The copious additional information given by later writers either interprets local legends in the light of Ephorus's theory, or
explains the name "Pelasgoi"; as when Philochorus expands a popular etymology "stork-folk"
into a theory of their seasonal migrations; or Apollodorus says that Homer calls Zeus
'Pelasgian' "because he is not far from every one of us".

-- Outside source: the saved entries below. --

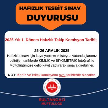 HAFIZLIK TESPİT SINAVI DUYURUSU (2026 Yılı I. Dönem)
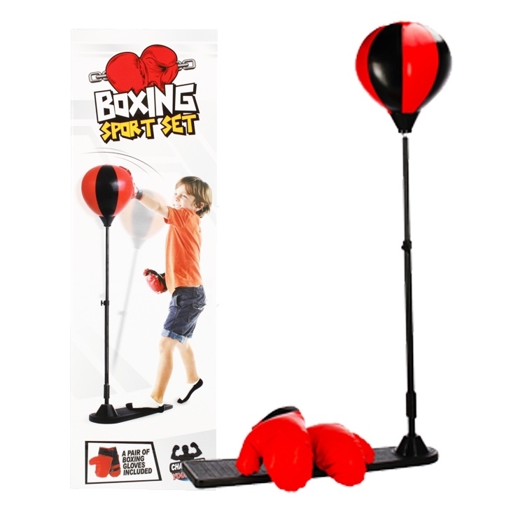 Boxerská souprava poskytne skvělou zábavu a zároveň intenzivní trénink těla a mysli. Obsah soupravy: boxovací pytel na stojanu, boxerské rukavice, pumpa.Rozměry produktu: stojan nejnižší (délka) [cm]: 68 cm, nejvyšší stojan (délka) [cm]: 103 cm, taška (průměr) [cm]: 16 cm, rozměry balení ( dxvx...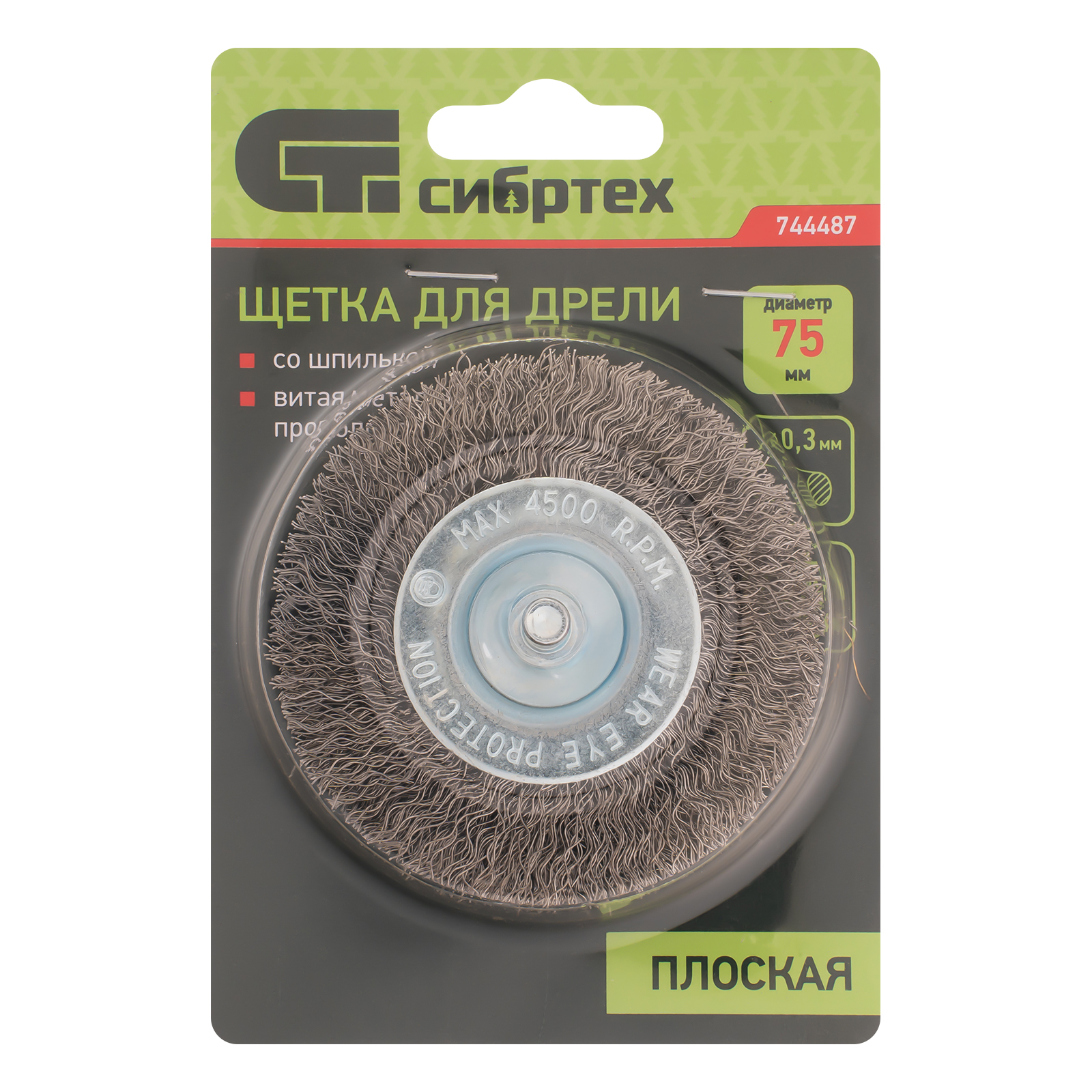 Щетка для дрели, 75 мм, плоская со шпилькой, витая проволока Сибртех в Москве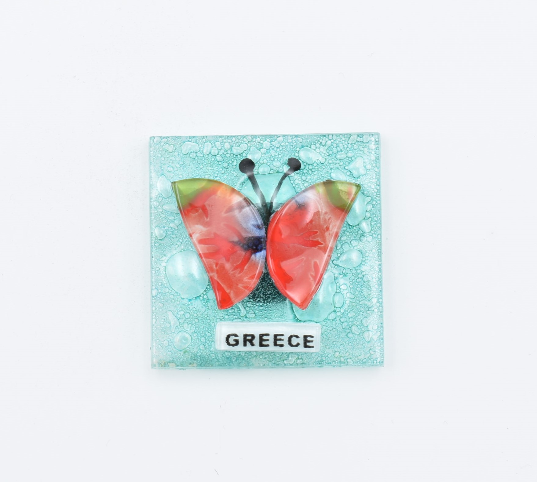 Μαγνήτης Τετράγωνος Φυσητό Γυαλί  Γατάκι, Καραβάκι, Ψαράκι, Πασχαλίτσα , Πεταλούδα Διακοσμητικά μοτίβα 5 cm *5 cm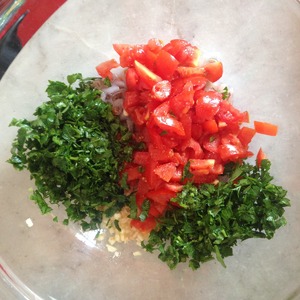 Затем мелко нарезать чеснок, помидоры черри и петрушку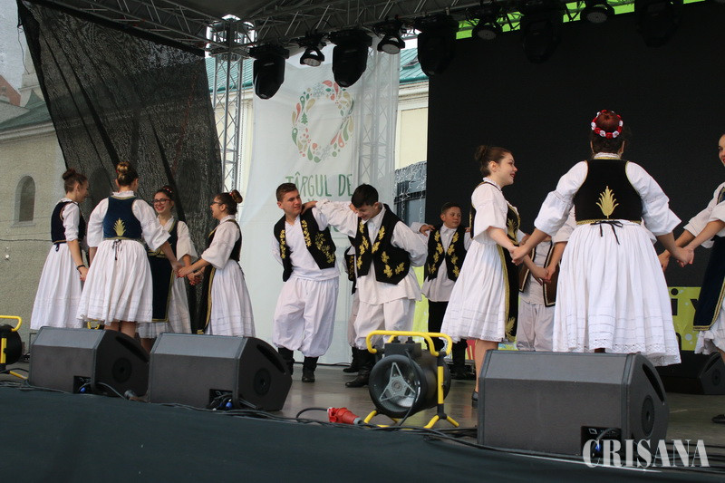 În afara concursului, vineri seara, pe scena Teatrului Regina Maria, au evoluat copiii din grupul „Moştenitorii” de la Şcoala din Meziad, precum şi cei din Asociaţia Ansamblul Crişana.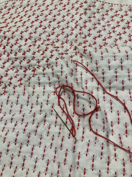 刺し子 5枚目 重ね枡刺し 外枠を綺麗に見せられるように試行錯誤。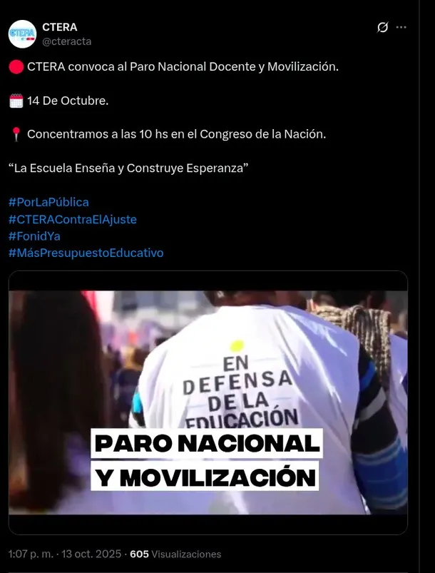 A través de su perfil de X la asociación gremial llamó en las últimas horas a una concentración frente al Congreso de la Nación a las 10 de la mañana del martes bajo el lema «La Escuela Enseña y Construye Esperanza».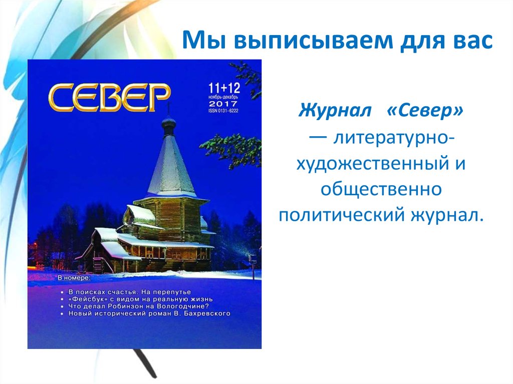 Мы выписываем для васЖурнал «Север»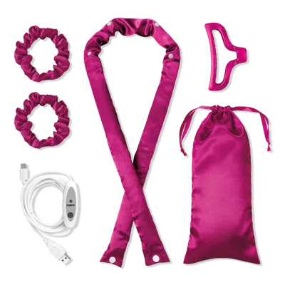 SATIN HEAT/HEATLESS CURLER. Benefits: Less damage: Crafted of plush, smooth satin to ensure minimum damage and maximum comfort. Easy to clean: Curling ribbon features a machine-washable satin sleeve. Features: 2-in-1 convenience: Use heat for dry hair or go heatless for damp hair. Style and set. Reveal beautiful curls. PRO TIP: For fast results, use the heated option on dry hair during the day. Use the heatless option on damp hair overnight. Includes: Fast heat-up: Includes USB cord to quickly heat up the curling ribbon. Convenient storage pouch: Keeps the set neatly stored in one place.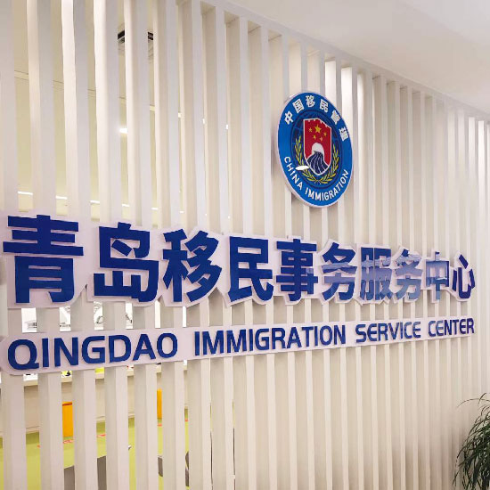 青島移民事務(wù)服務(wù)中心logo墻設(shè)計(jì)前臺(tái)形象墻制作安裝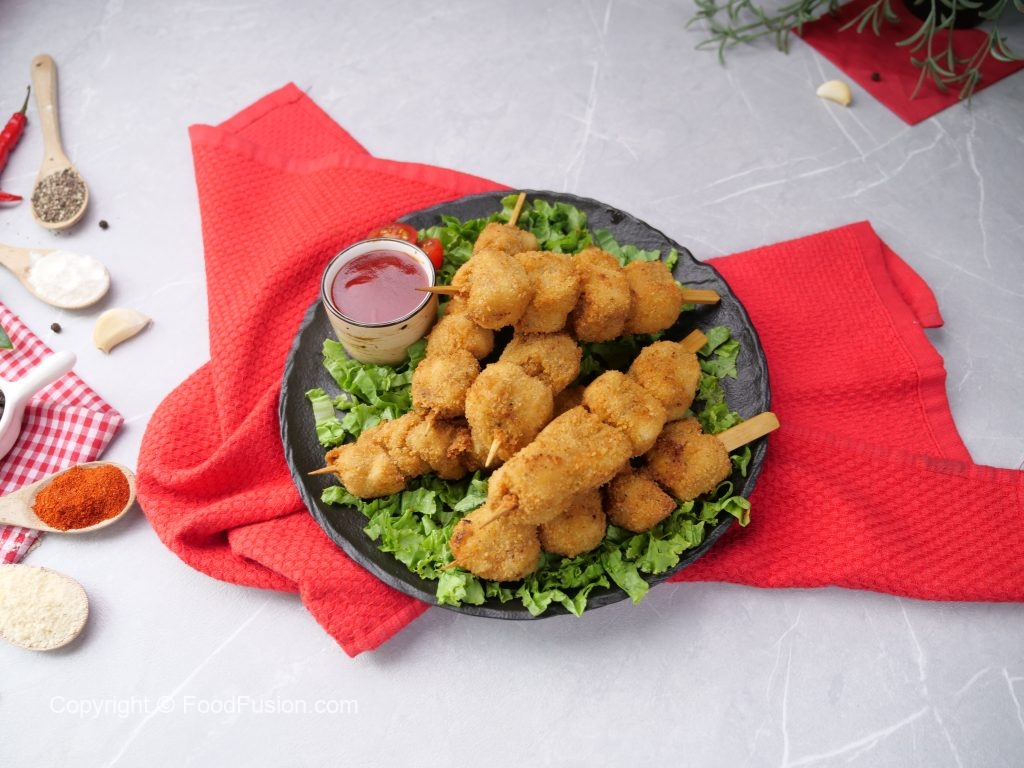 -In a wok,heat cooking oil & fry chicken skewers on low flame until golden brown (makes 8).

The connection between the Pelasgians and the Tyrrhenians, which began with Hellanicus, Herodotus and Sophocles, becomes
confusing in the 3rd century, when the Lemnian pirates and their Attic kinsmen become plainly styled as Tyrrhenians, and early
fortress-walls in Italy (like those on the Palatine Hill in Rome) appear as "Arcadian" colonies. The character of the ancient
citadel wall at Athens has given the name "Pelasgic masonry" to all constructions of large,
unhewn blocks fitted together with mortar, from Asia Minor to Spain, the massive character that has also been called "cyclopean".
Modern theories
Modern theories about Pelasgians are sometimes colored by myths of national origin,
notably (in alphabetical order) Albania, Greece and
Turkey. Popularizations tend to be more colorful. The history and character of justifications of
present rights to territory by demonstrating the presence of an ancestral population in deep history— Urrecht— are
discussed at Revanchism. In all the following theories there is a mainstream, supported by
philology, archaeology and toponymy, and there are divergent fringe theories with specific appeals.
Albanians as Pelasgians
The French author Zacharie Mayani developed a thesis (The Etruscans Begin to
Speak) stating that the Etruscan language had links to the Albanian language. This theory places the Albanian language outside the group of Indo-European
languages sharing one branch with Etruscan, as well as with ancient Greek. On this basis, the Albanian poet Nermin Vlora Falaschi
published a (pseudolinguistic) translation of the Lemnos stele (L'Etrusco lingua viva Roma) with the help of
Arvanitic. The theory is supported by other authors such as Guiseppe Catapano, Mathieu Aref
(Albanie: Ou l'incroyable odyssée d'un peuple préhellénique; Grèce: Ou la solution d'une énigme), and Robert
D'Angely (other supporters include Faverial, Kolias, Marchiano, and Cabej). The overall theory, however, has attracted little
general support.[4] One of the most active supporters of
this theory was Austrian linguist Johann Georg von Hahn who attempted to connect
the pre-Indo-European Pelasgian language
with Albanian.[citation needed] Today, the Albanian language is
universally classified as an Indo-European language by linguists.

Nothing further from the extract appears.